PROBLEM REQUIREMENTS =>
Nothing but the lines from the one showing "ヤマト運輸に限らず、「これま" through the final line of the data below belongs in the answer, duplicated exactly and without pictures.

Data items:

- Opening Delimiter -

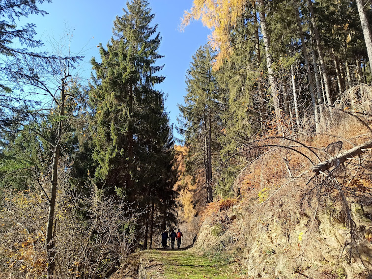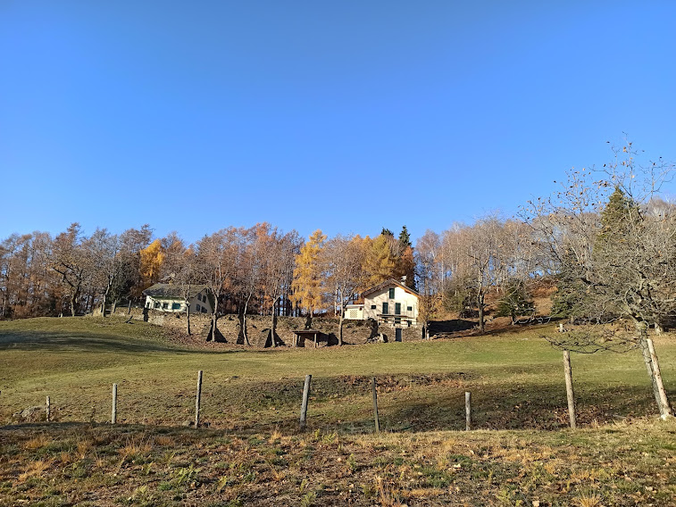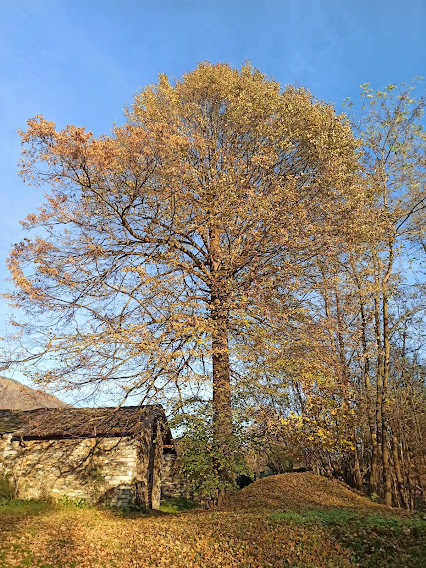 Non proseguiamo in piano verso l’Alpe Cavallotti, ma scendiamo direttamente a Cappella Fina, 1102, dove approfittiamo di tavoli e panche per mangiare e brindare all’ultimo sole (un’ora e un quarto). Ci muoviamo quando si nasconde dietro gli alberi, nel suo lento ma inesorabile cammino verso occidente.
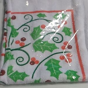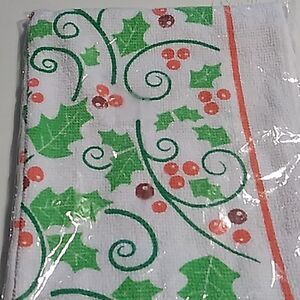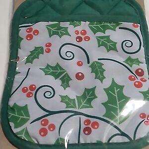 Pre-owned in new unused condition. Set of two kitchen towels and a hot pad in a festive holly pattern.
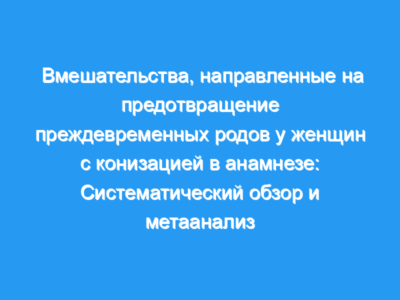 Мы отобрали 762 не повторяющихся названия и тезисы и оценили 91 полный текст. Связавшись с авторами, мы включили девять исследований. Женщины в группе серкляжа с большей вероятностью имели короткую шейку матки или другой фактор риска ПТБ, что повышало вероятность путаницы по показаниям. У женщин с конизацией в анамнезе и одиноким ребенком, получавших серкляж, по сравнению с теми, кто этого не делал, ORs PTB <, 34 недели, составил 3,99 (95% ДИ 0,67-23,62, три исследования, I2 = 65%), PTB <, 37 недель составил 2,10 (95% ДИ 0,67-23,62, три исследования, I2 = 65%).% ДИ 0,87-5,05, четыре исследования, I2 = 0%), а неонатальная смертность составила 8,33 (95% ДИ 0,22-320,38, два исследования, I2 = N/A). Мы не нашли никаких исследований, сравнивающих прогестерон или пессарий с отсутствием лечения. Данные о близнецах были очень скудными.
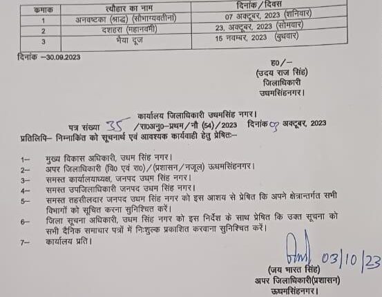 उधमसिंह नगर जिले में शनिवार को अवकाश घोषित। ऊधमसिंह नगर By MEDIA GROUP On Oct 5, 2023 Share मीडिया ग्रुप, 05 अक्टूबर, 2023 रुद्रपुर। उधमसिंह नगर के जिलाधिकारी उदयराज सिंह ने जिले में 7 अक्टूबर को बैंक / कोषागार को छोड़ अन्य सभी कार्यालयों में अनवष्टका (श्राद्ध) का अवकाश घोषित किया है।
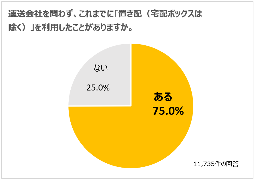 ヤマト運輸に限らず、「これまでに置き配を利用したことがありますか」という質問に対し、75.0%の方が「利用したことがある」と回答し、利用経験率は前年の78.5%からほぼ横ばいの結果でした。
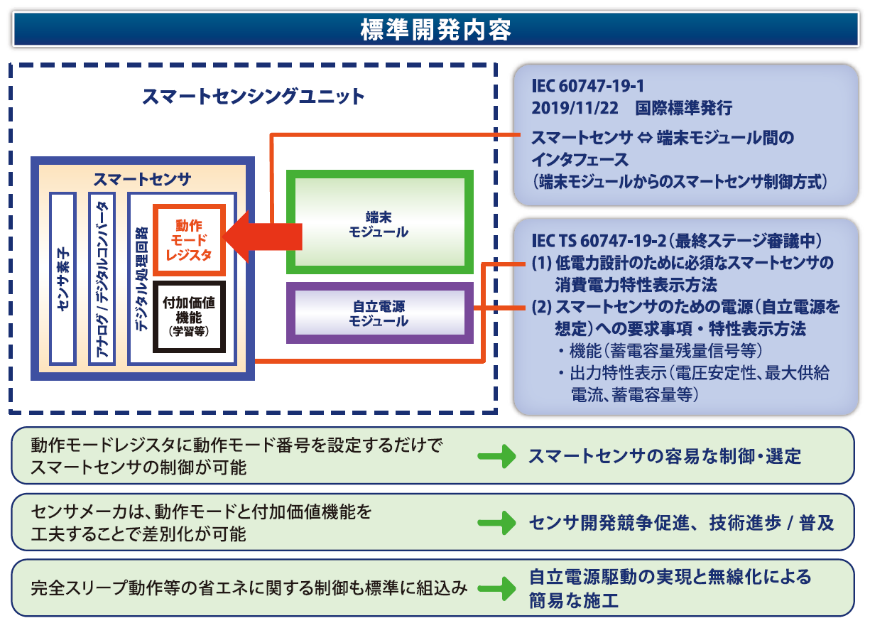スマートセンサと端末モジュール間または自立電源と端末モジュール間のソフト的な接続法については標準が存在しないため、センサメーカーをはじめ端末メーカーやシステムインテグレータ等が製品開発・システム開発の都度、相当な時間・費用掛けて独自のインタフェース作製を行わざるを得ない場合が多く、大きな開発負担となっています。インタフェース部分を標準化することで、開発期間短縮による効率化、開発費用の削減が図れ、メーカー等の開発負担も軽減され、高品質な製品・システムが迅速かつ大量安価に市場に供給されることが期待できます。また、当該ビジネスへの参入者増大によりスマートセンシング&ネットワーク産業の更なる発展・拡大を見込むことができます。
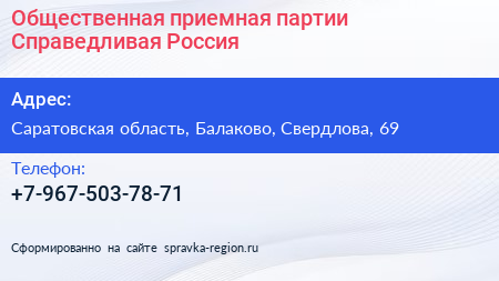 Общественная приемная партии Справедливая Россия по адресу Саратовская область, Балаково, Свердлова, 69 в дальнейшем Организация, размещена в следующих категориях:
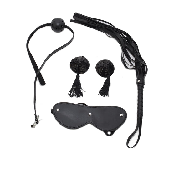 SM-Set Geschenkset: Mundknebel, Augenmaske, Nippelaufkleber und Peitsche Farbe: schwarz Material: 100 % KunstlederNormaler Preis €21,95 -

- Closing Delimiter -

ANSWER BOX =>
 ヤマト運輸に限らず、「これまでに置き配を利用したことがありますか」という質問に対し、75.0%の方が「利用したことがある」と回答し、利用経験率は前年の78.5%からほぼ横ばいの結果でした。
スマートセンサと端末モジュール間または自立電源と端末モジュール間のソフト的な接続法については標準が存在しないため、センサメーカーをはじめ端末メーカーやシステムインテグレータ等が製品開発・システム開発の都度、相当な時間・費用掛けて独自のインタフェース作製を行わざるを得ない場合が多く、大きな開発負担となっています。インタフェース部分を標準化することで、開発期間短縮による効率化、開発費用の削減が図れ、メーカー等の開発負担も軽減され、高品質な製品・システムが迅速かつ大量安価に市場に供給されることが期待できます。また、当該ビジネスへの参入者増大によりスマートセンシング&ネットワーク産業の更なる発展・拡大を見込むことができます。
 Общественная приемная партии Справедливая Россия по адресу Саратовская область, Балаково, Свердлова, 69 в дальнейшем Организация, размещена в следующих категориях:
 SM-Set Geschenkset: Mundknebel, Augenmaske, Nippelaufkleber und Peitsche Farbe: schwarz Material: 100 % KunstlederNormaler Preis €21,95 -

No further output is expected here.